Mentre Papa Leone XIV si prepara a chiudere la tappa madrilena incontrando i volontari che hanno reso possibile questi giorni intensissimi, è necessario fermarsi e provare a capire che cosa sia realmente accaduto. Non basta dire che Madrid ha accolto bene il Papa. Non basta parlare di folle, canti, processioni, strade piene e stadi gremiti. Questi tre giorni hanno mostrato qualcosa di più profondo: hanno tolto il velo da un racconto parziale della Spagna contemporanea, spesso presentata come Paese ormai stabilmente progressista, secolarizzato, laico fino all’autosufficienza, accogliente fino all’indistinzione, lontano dalle radici cristiane come se queste appartenessero soltanto ai musei, alle cattedrali, alle cartoline turistiche e alle feste patronali buone per l’indotto economico.

Ciò che abbiamo visto a Madrid dice altro.

Dice che esiste una Spagna cattolica ancora viva, popolare, giovane, visibile, capace di radunarsi non soltanto per un evento emotivo, ma per pregare, adorare, ascoltare, inginocchiarsi davanti a Cristo Eucaristia e riconoscere nel Successore di Pietro una presenza che conferma nella fede. La Messa del Corpus Domini in Plaza de Cibeles ha raccolto oltre un milione di fedeli, con una stima di 1,2 milioni secondo gli organizzatori; la processione eucaristica ha attraversato le strade centrali di Madrid tra petali di fiori, campane, canti e silenzio orante. La veglia dei giovani in Plaza de Lima ha radunato circa mezzo milione di persone, molte delle quali giovani, in un momento di adorazione che perfino i media laici hanno dovuto registrare come un silenzio impressionante.

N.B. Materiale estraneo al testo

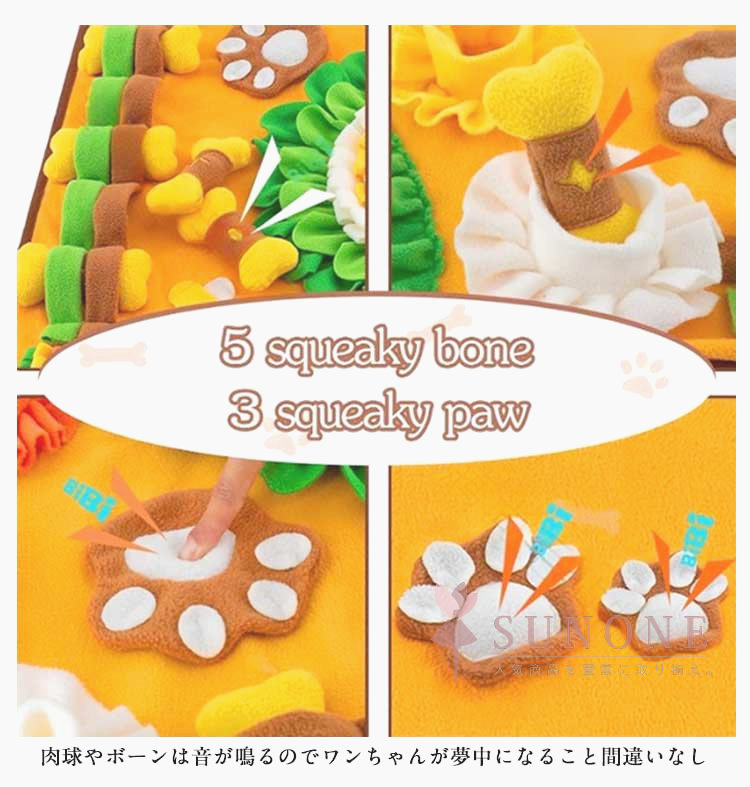 フードやトリーツを隠せる仕掛けがたくさんあり、隠し方を変えれば難易度も上がりもっと楽しめます。種類や年齢を問わずお部屋の中で遊べるおもちゃとして、またシニアには認知症の予防や脳の活性化にもおすすめです。肉球やボーンは音が鳴るのでワンちゃんが夢中になること間違いなしです。
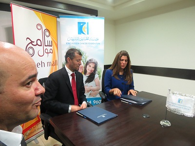 وقعت مؤسسة الحسين للسرطان ومجموعة سامح مول للإستثمارات مذكرة تفاهم حول إنضمام المجموعة إلى برنامج التسمية والتشريف التابع للمؤسسة من خلال تسمية قاعة إنتظار في العيادات الخارجية في مبنى التوسعة الجديد الذي تسعى إلى استكماله لاستيعاب لاستيعاب الأعداد المتزايدة من مرضى السرطان من الأردن والوطن العربي.

Questa non è nostalgia. È un fatto.

E i fatti, come ricordava Papa Francesco con una formula spesso citata anche da Leone XIV, sono superiori alle idee. Il problema nasce quando una parte dell’opinione pubblica, dei media e della cultura politica europea non racconta più i fatti, bensì il mondo che vorrebbe esistesse. Una Spagna perfettamente post-cristiana, finalmente liberata da ogni influenza cattolica, progressista per definizione, laicista per maturità, moralmente pacificata attorno ai nuovi diritti. Poi arriva il Papa, e le strade si riempiono. Arriva il Corpus Domini, e una capitale europea vede un popolo immenso seguire Cristo Eucaristia. Arriva la veglia, e centinaia di migliaia di giovani tacciono in adorazione. A quel punto la realtà, con la consueta maleducazione dei fatti, rovina la sceneggiatura.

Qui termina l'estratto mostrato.